Security researchers publicly disclosed the WPA2 vulnerabilities early Monday, after notifying vendors in July. Attackers in the range of a vulnerable WiFi client and access point can exploit the encryption flaws to read, steal or manipulate data. Researchers called their discovery KRACK for key reinstallation attacks.
With most all modern WiFi equipment affected, dozens of vendors released a flurry of advisories and updates.
"The WPA2 protocol is ubiquitous in wireless networking," US-CERT said in an advisory on the WPA-2 flaw. "The vulnerabilities described here are in the standard itself as opposed to individual implementations thereof; as such, any correct implementation is likely affected. Users are encouraged to install updates to affected products and hosts as they are available."
In a phone interview, Williams said there was chatter and rumors in the infosec community Sunday leading up to KRACK disclosure. Early Monday, he gave up on sleeping and decided to head to work.
"We're a systems integrator and managed services provider with dozens and dozens of WiFi customers and they're running different systems with all kinds of different clients," he told me. "The challenge at this point is getting an idea of what the scope of the problem is for those customers."
He spent the morning gathering information and talking to customers. "Next steps will be doing things on the infrastructure side to plug up holes where we can, and then patching the client side," he said.
Lee Badman, CWNE #200 and wireless network architect for a large private university, told me in an email that KRACK is "worthy of attention, but not panic in the enterprise."
He and Williams both noted that exploiting the flaw is complex.
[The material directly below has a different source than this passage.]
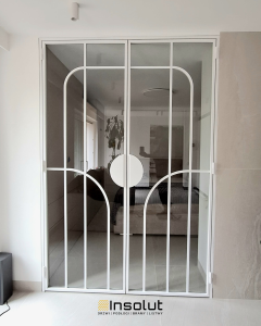 Tym razem montaż białych drzwi loftowych ze szprosami w łuku, które świetnie wpisują się w nowoczesne i eleganckie wnętrze. Geometryczny podział szkła z charakterystycznymi łukami nadaje drzwiom lekkości i wyjątkowego stylu – to detal, który od razu przyciąga wzrok.
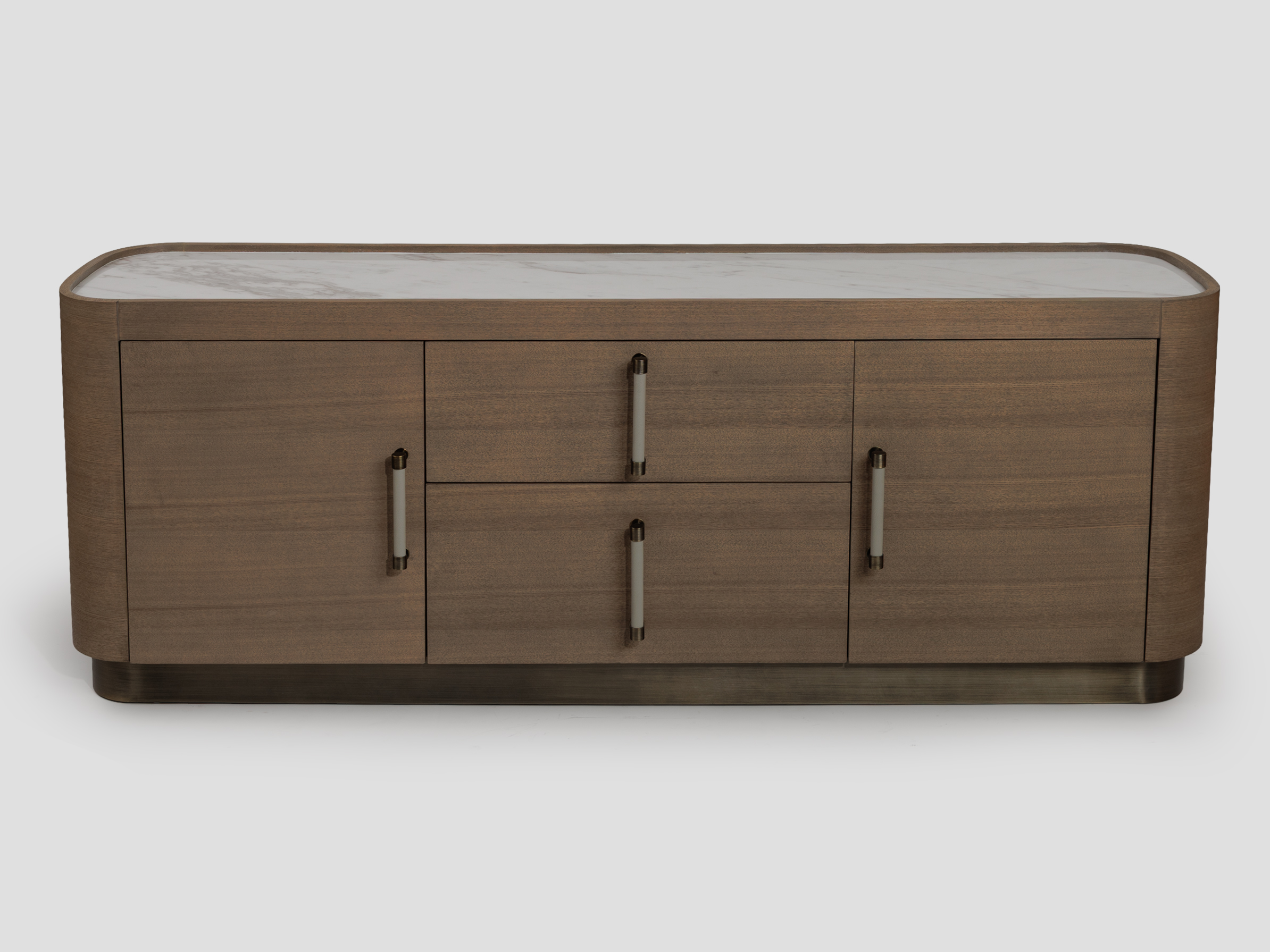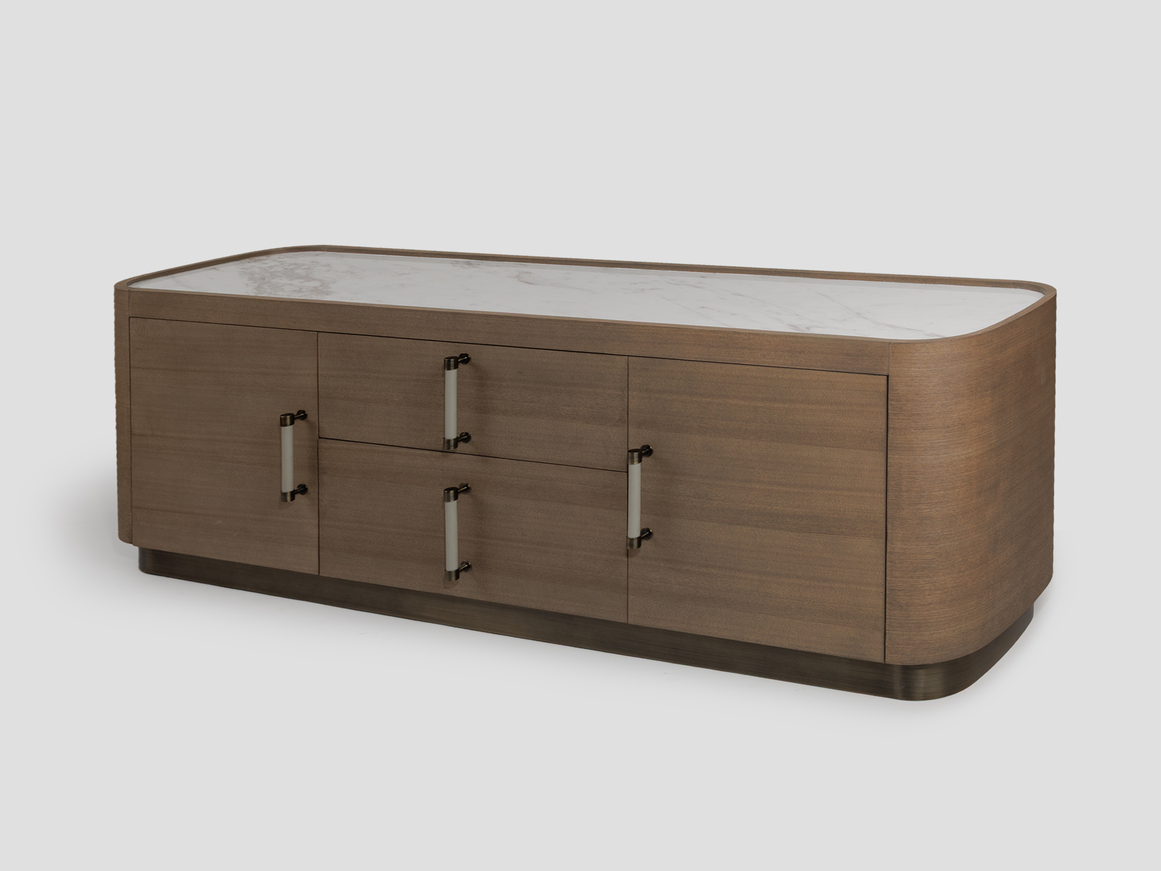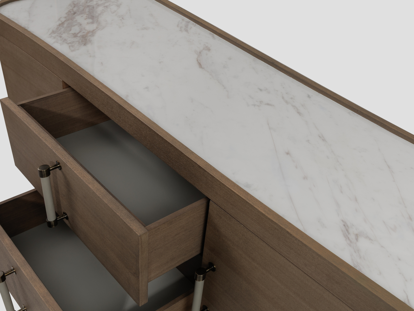 Комод с плавными формами и столешницей из белого мрамора будет прекрасным и функциональным решением для вашей гостиной, спальни или прихожей. Он предоставляет достаточно места для хранения различных предметов и станет элегантным акцентом в вашем интерьере, придающим изысканности и роскоши общему стилю помещения.

A successful exploit requires a "fairly difficult AP-by-AP attack, requiring the attacker to physically be in WLAN range," Badman said.
Some enterprise WLAN vendors have already patched the vulnerabilities while others are working on it. The trickier part, experts said, will be patching WiFi clients, especially in the fragmented Android ecosystem.
"I have no doubt our wireless vendors will provide a patch promptly. Our biggest challenge will be patching end user devices, especially for environments where BYOD is substantial," Rowell Dionicio, who designs and deploys WiFi networks for higher education, told me via email. "This drives the importance of patching on a regular basis. It is our duty to maintain secure systems and to educate others on becoming more secure."
KRACK isn't a sky-is-falling type of scenario, but it's "something we really need to pay attention to," Williams said.
From an IT management perspective, it poses a bit of a dilemma, he added. "Do you risk inciting panic by drawing the wrong amount of attention, or do you try to downplay it? Then you've created a lack of urgency and people take too long to patch devices. This isn't something you want to let go."
Andrew von Nagy, a senior WiFi architect, posted a helpful list of links with information about KRACK including vendor updates, on his Revolution Wi-Fi blog.